Imagination is the only limit to the number of blockchain’s feasible use cases. One of its most viable applications is proof of provenance.
As the global “ethical sourcing” movement grows stronger, the pressure on major brands across different industries to join the bandwagon mounts. Blockchain is the logical solution to rendering supply chains more traceable and transparent, which are key characteristics to satisfy the sensibilities of many consumers.
Here are a few brands that are integrating blockchain into supply chain management.
As a strategy to stake out a claim for itself in the potentially lucrative worldwide electric vehicle (EV) market, Volvo is partnering with fintech firms to prove to consumers that it does not use child labor to manufacture lithium-ion batteries.
The Swedish automaker, with the cooperation of its battery suppliers, LG Chem and CATL, intends to use blockchain to track the journey of cobalt, a prized raw material for EV battery production, from the mineral’s point of origin to its XC40 Recharge.
Volvo’s move is consistent with the policies of some African countries to promote responsible mining. Nations such as Kenya and Rwanda are bent on reducing the demand for conflict minerals.
The largest food cooperative in America is adopting the Wholechain traceability system by Envisible. Topco wants to send a message to shoppers that its seafood items, such as shrimp and salmon, are sourced in an ethical and environmentally responsible way.
With the help of the Wholechain mobile application and QR codes, customers can easily learn about how the grocer’s products get from the sea to the store.
The retail giant has teamed up with IBM to render its leafy greens seamlessly verifiable with blockchain. Using the IT corporation’s Food Trust platform, Walmart is requiring its vegetable suppliers to indelibly input data onto the blockchain to improve the tracking of goods.
Fonterra is one of the first partners of Alibaba in its blockchain-driven food traceability platform called Food Trust Framework. Thanks to this collaboration, the New Zealand dairy titan is able to bring its tracked goods to Tmall in China.
A pioneering blockchain adopter in the fashion industry, designer Martine Jarlgaard has joined forces with London-based startup Provenance to tell the story of her collection. She used blockchain to record her supply chain in detail.
Using the QR code on the verified garment’s label, shoppers could see how the alpaca fabric made its way from a farm to Jarlgaard’s studio.
The US jewelry retailer, along with three other parties, has tapped IBM to implement the TrustChain blockchain project. The initiative is designed to prove the legitimacy of its diamonds and gold by forcing supply-chain participants, such as miners and shippers, to build a shared, tamperproof record.

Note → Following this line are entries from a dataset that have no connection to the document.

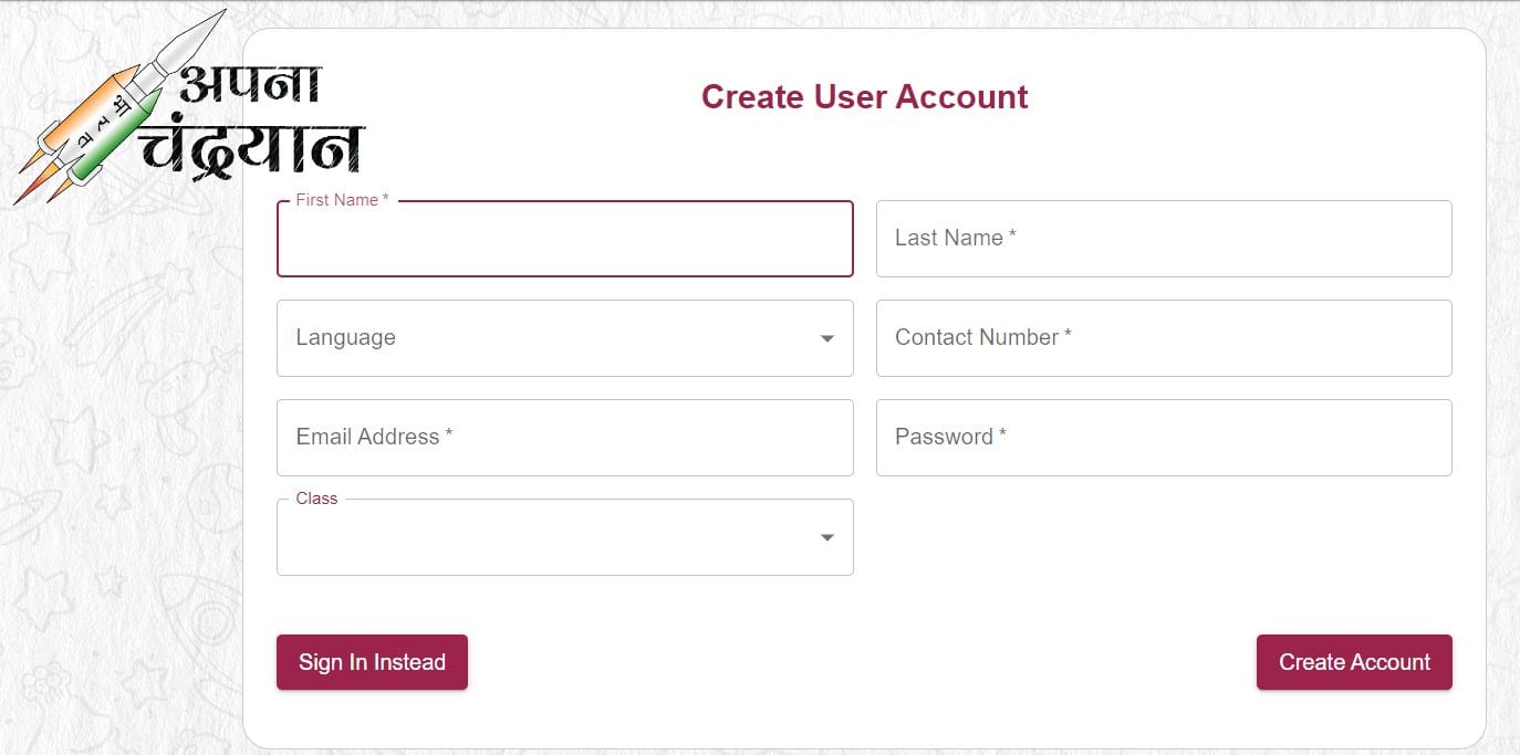 - लिंक पर क्लिक करते ही अपना चंद्रयान पोर्टल रजिस्ट्रेशन पेज खुल जाएगा।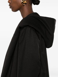 open-front coat Highlights - Black - Textured finish - Spread collar - Classic hood - Long sleeves - Two side welt pockets - Full lining - Mid-length - Straight hem - Open front Made in Italy Composition Lining: Viscose 50%, Cupro 50% Outer: Viscose 54%, Cotton 46% SIZE & FIT Model measurements Height 5 ft 10 in(1.78 m) Bust/Chest 31.49 in(80 cm) Hips 37 in(94 cm) Waist 23.62 in(60 cm) FittingInformation Designed to be unstructured, offering a loose fit throughout Made from a padded non-stretch fabric, giving it no natural elasticity This piece fits true to size – those with a petite frame may wish to take one size down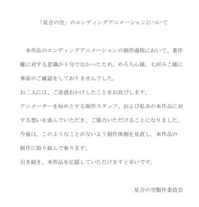 La cuenta oficial de Twitter del anime Hoshiai no Soraย emitiรณ un comunicado en el que se disculpan por mostrar en el ending los bailes de Miko Nanakawa y Melochin sin un permiso. Ademรกs, el comunicado tambiรฉn indicรณ que los dos bailarines ahora estรกn trabajando con el equipo de anime.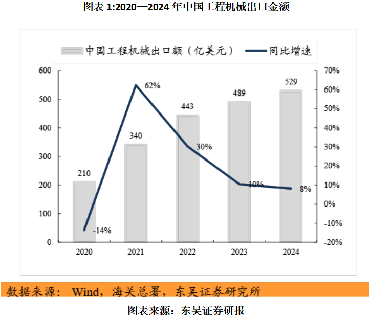 自2020年以来,中国工程机械出口金额持续增长。根据东吴证券报告,2020—2024年,我国工程机械出口金额从210亿美元增长至529亿美元,年复合增长率达到26%。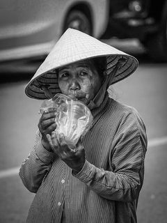This photograph was taken in Vietnam in 2021 during the lotus blooming season. An elderly woman soaks in water as she breaks each stalk of water lily to sell at the market. That solemn expression left an indelible impression on me.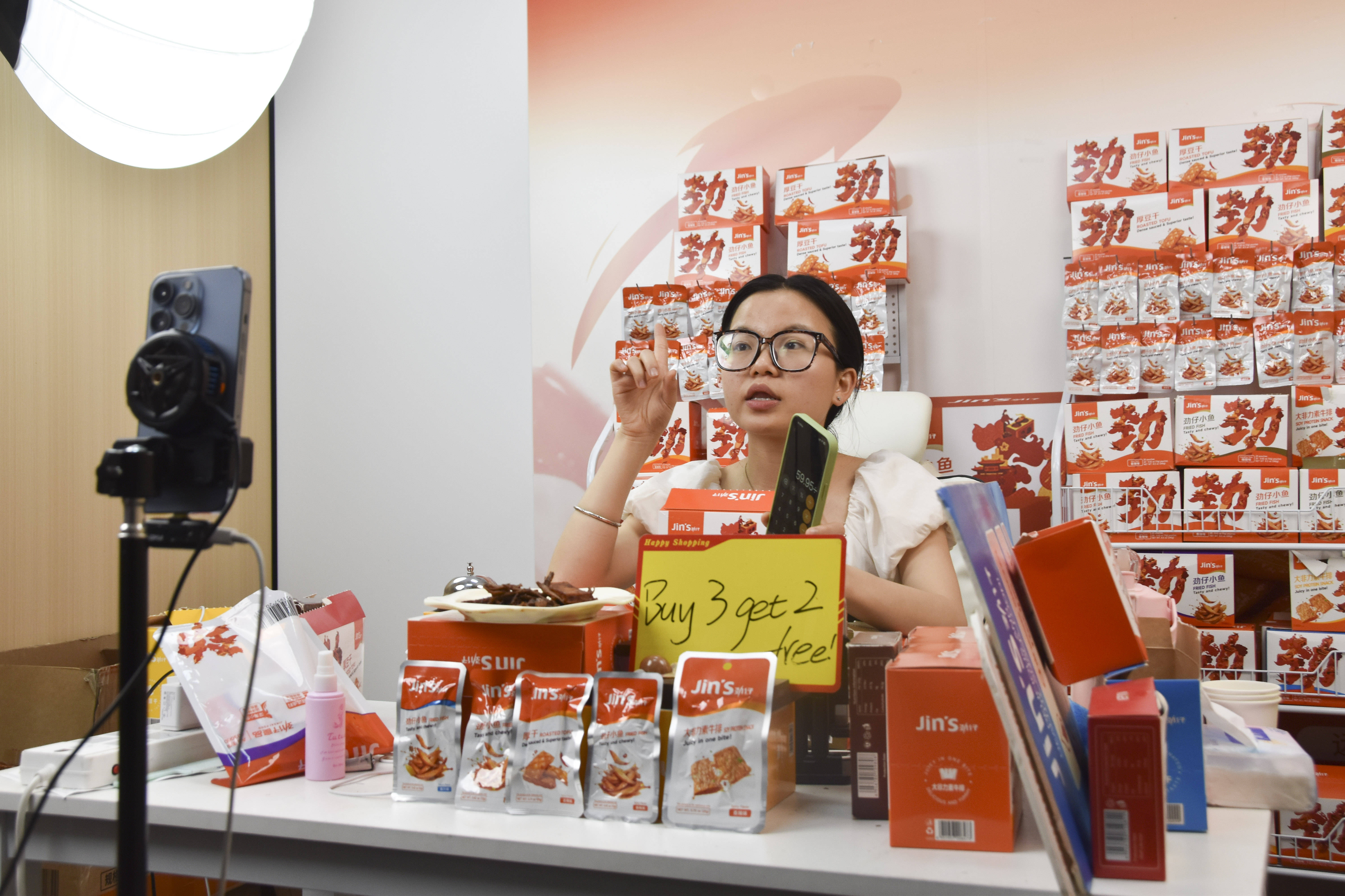 2025年4月25日,湖南长沙雨花区一家跨境电商公司的主播在海外社交平台上推销湖南特色商品。新华社记者白田田 摄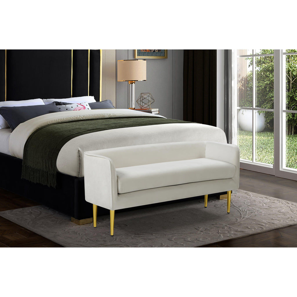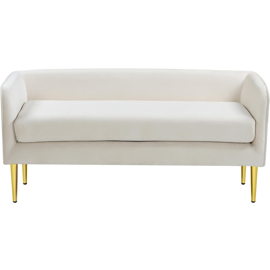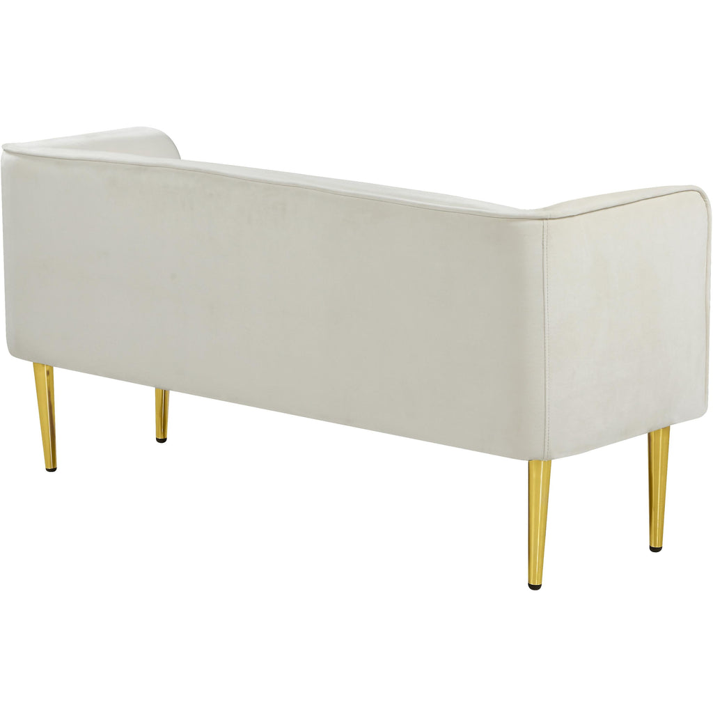 Sit or recline in exquisite comfort on this Audrey bench from Meridian Furniture. The cream velvet is smooth and soothing to touch, perfect for relaxing after a long day of activities. Underneath the bench are four golden legs for sturdy support with caps on each leg to protect your floors. The contemporary design suits modern households while the 20-pound weight makes it easy to move around as needed. Sit the bench in the living room for extra seating or by the front door for putting on shoes.

In addition to eliminating counterfeits, Helzberg Diamonds also hopes to capitalize on the tech to identify gems and precious metals coming from conflict areas with less difficulty.
Thanks to blockchain, average consumers are becoming empowered to scrutinize the supply chains of their favorite brands. Hopefully, more influential global corporations will follow the lead of these ethical vanguards to finally solve the many injustices in the world in the near future.